How Looking Poor Became the New Status Symbol

THEY DRESS LIKE HOBOES BUT SPEND LIKE MILLIONAIRES. MEET THE POORGEOISIE

When thousands of angry protesters stormed April’s G-20 summit in London, vandalizing the headquarters of the Royal Bank of Scotland and decrying the unfairness of capitalism, they took up the angry chant “No more money!” This palpable populist rage is understandable—the gears of the global economy have ground to a halt; no one has any disposable income; at home, conspicuous consumption is an offense punishable by stoning, or at least a stern reprimand from Congress.

One problem, though: Those things aren’t entirely true. Despite the downturn, a moneyed class of people are still buying luxury goods—and they’re doing it by the mini Cooper–load. While Wall Street’s hedge-funders have become whipping boys, those who have mastered the art of inconspicuous consumption are living as large as ever.
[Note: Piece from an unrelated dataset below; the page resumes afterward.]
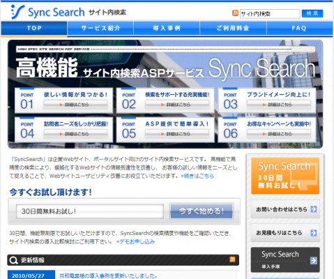 ・サイト内検索「SyncSearch」 詳細URL:http://www.syncsearch.jp/

But they’re not easy to spot, resembling, as they do, Trotskyite grad students—a look that doesn’t come cheap: $300 Acne jeans, $175 hand-stitched guayabera shirt, $150 mussed haircut with beard trim (not too short, please). This brand of consumerism escapes condemnation—it’s okay to be a capitalist pig as long as you’re the sort who roots around in your organic garden for truffles.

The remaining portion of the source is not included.